NEWS

EU prompts promise of new reforms

A day after EU finance ministers warned Greece to curb spending and reform its social security system, Economy and Finance Minister Nikos Christodoulakis, who chaired Tuesday’s Ecofin meeting, said the government would carry out structural reforms but not to the social security system. Ecofin expressed the fear that Greece’s rapidly aging population posed a serious danger of fiscal imbalance in the future, saying that further reforms had to be carried out to prevent spending from reaching unsustainable levels. «There is no question of us reopening the social security issue,» Christodoulakis told a news conference. Reforms had been made to the largest fund, the Social Security Foundation (IKA) last year and, Christodoulakis said, the subject was now closed. He refused to reply to persistent questions as to what would be done with other funds, referring only to an «institutional dialogue» to be held at some unspecified date.

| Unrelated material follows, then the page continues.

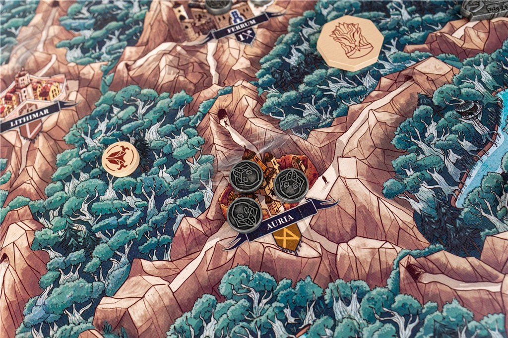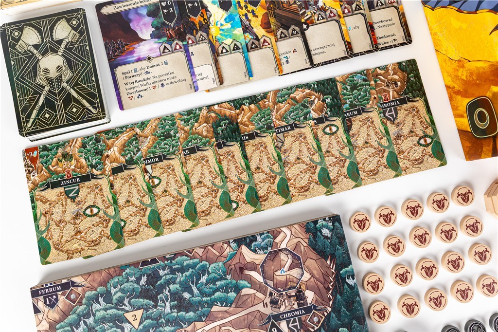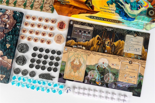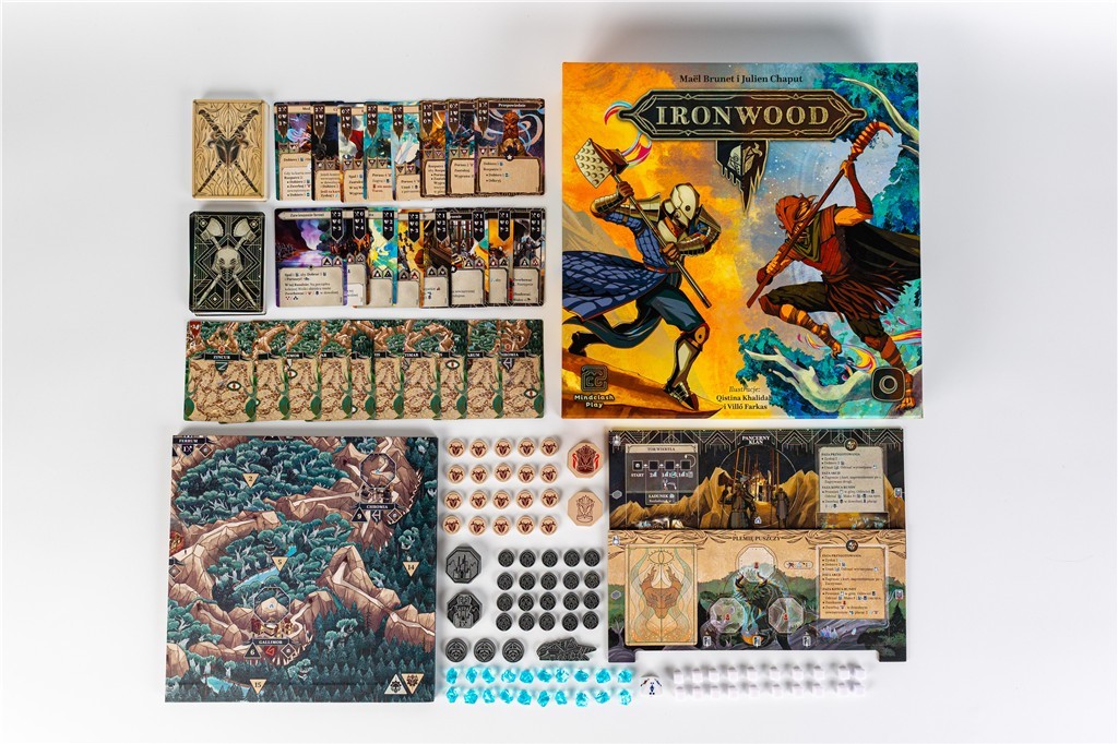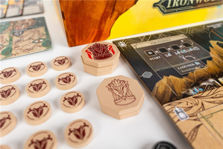 - Drewno kontra metal - Czerp przyjemność z operowania komponentami Ironwood, które - dzięki podziałowi na drewno dla jednej i metal dla drugiej frakcji - nie tylko dobrze wyglądają, ale świetnie oznaczają strony i zwiększają czytelność rozgrywki.

Regarding the call for spending curbs, Christodoulakis, who was reported to have agreed with it on Tuesday, was unclear about what would be done. He indicated that measures had already been taken. If this were the case, perhaps the European Commission and Greece’s partners on the Ecofin would not have issued their warnings. Addressing Parliament’s Finance and European Affairs committees later yesterday, Christodoulakis declared that «the government will never take measures that will be a fiscal shock.» But he stressed that the government’s aim was to make structural changes in line with the EU summit decisions at Lisbon. The Greek EU presidency’s aims, he said, were to solve the problem of taxing deposits, increasing employment (in line with the target of 20 million new jobs in Europe by 2010) and carrying out structural reforms that would be marked neither by haste nor by indifference. Replying to criticism by New Democracy deputies, Christodoulakis said: «We will not butcher critical issues (such as social and developmental policy) in order to achieve stability. We leave some small-scale fiscal deficits which will not endanger development.»